Regular Activities
Sunday Morning
- 9:00 am - Worship Service
- 10:15 am - Community Time
- 10:30 am - Sunday School
Wednesday Night
- 6:00 pm to 7:30 pm - Family Night (for all ages)
Everyone is invited to all of these events.
Content as Cats
Sometimes I just like to watch what’s happening around me and reflect on it. I’m sure I’m not alone. I know others who ‘people watch’ or ‘bird watch’ but I’m not just focused on people or animals. I like to look at the whole picture around me. I think we get a better understanding of our world when we simply watch and listen and observe.
And especially when we have a new experience or environment. For me, I’m learning all sorts of things about cats. Simply watching them helps me understand their behavior. Now, I had cats growing up, but they were barn cats, so I didn’t get to observe them regularly throughout the day. The cats I have now, however, give me a chance to see how they behave more of the time.

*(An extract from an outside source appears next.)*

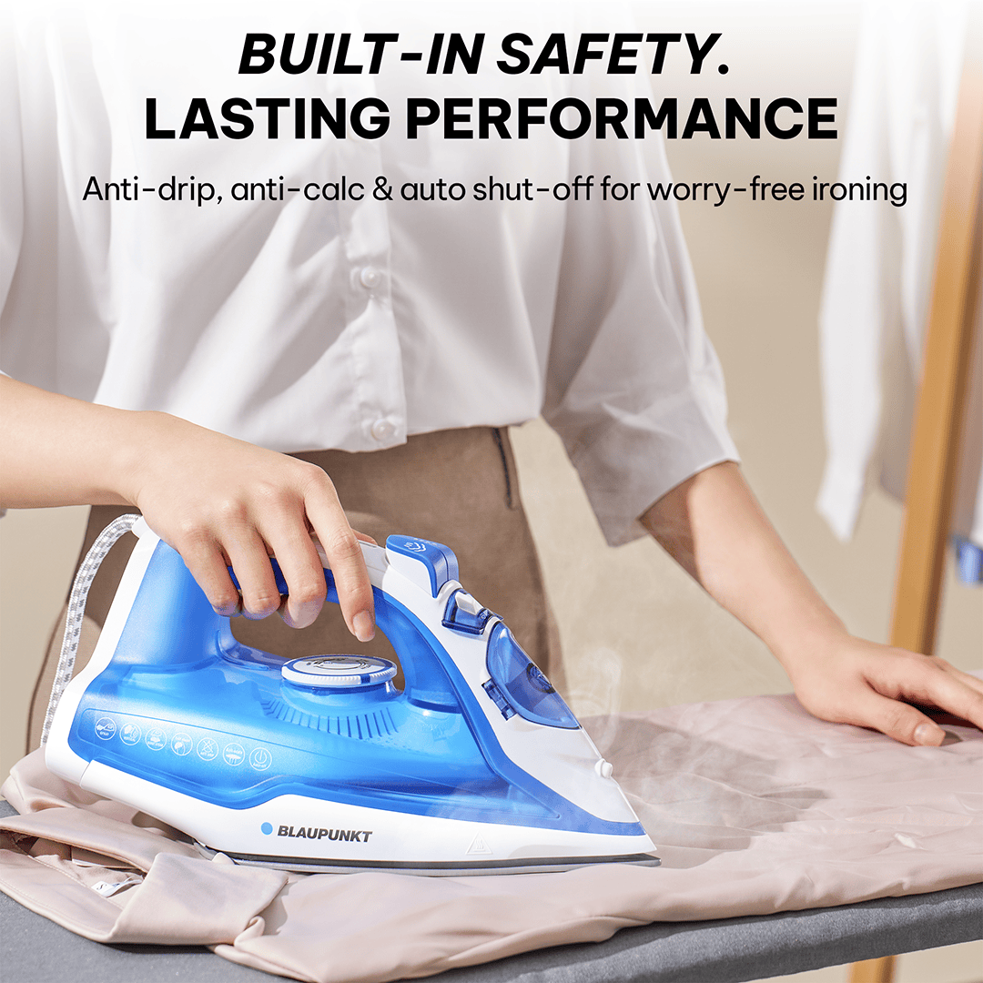 Equipped with auto shut-off for enhanced safety, anti-drip to prevent water stains, and self-clean function to minimize limescale buildup, extending the iron’s lifespan.

And what struck me this past week about my cats is how content they seem to be. My cats may be more docile than others because they let the kids tote them around like bags of flour, but I think most house cats are similar. And I started to wonder why they might appear so content to me. I thought about how their basic needs are met with consistent food and water, a safe environment and the availability of interaction (cat to cat and cat to human). And for a cat, maybe that’s enough.
But then I got to thinking about why I’m not content most of the time. I have all of my basic needs met, and even much more than I even need, but I don’t find contentment in my life all of the time. And that’s more than just worry and anxiety, but an actual longing for more in my life.
So, what makes me discontent in my life? Well, I think there’s a very good discontentment that we naturally have that we need to pay attention to, like discontentment with injustice or bad habits in our life. But what about financial contentment or relational contentment. Why do we always want more? I think part of it is the good discontentment leaks into the bad discontentment. But even more it’s about defining what we need. We know what’s out there. We know what we don’t have. And if we don’t define what we truly need, then we’ll always be searching for something more.
Paul writes to his protégé Timothy in 1 Timothy 6.6-8: “But godliness with contentment is great gain, for we brought nothing into the world, and we cannot take anything out of the world. But if we have food and clothing, with these we will be content.” Paul defines contentment as food and clothing. I would say he is assuming our relationship with God and with others, but he keeps it pretty simple. So I pray we define what we truly need and, with God’s help, learn to be content with that. God bless.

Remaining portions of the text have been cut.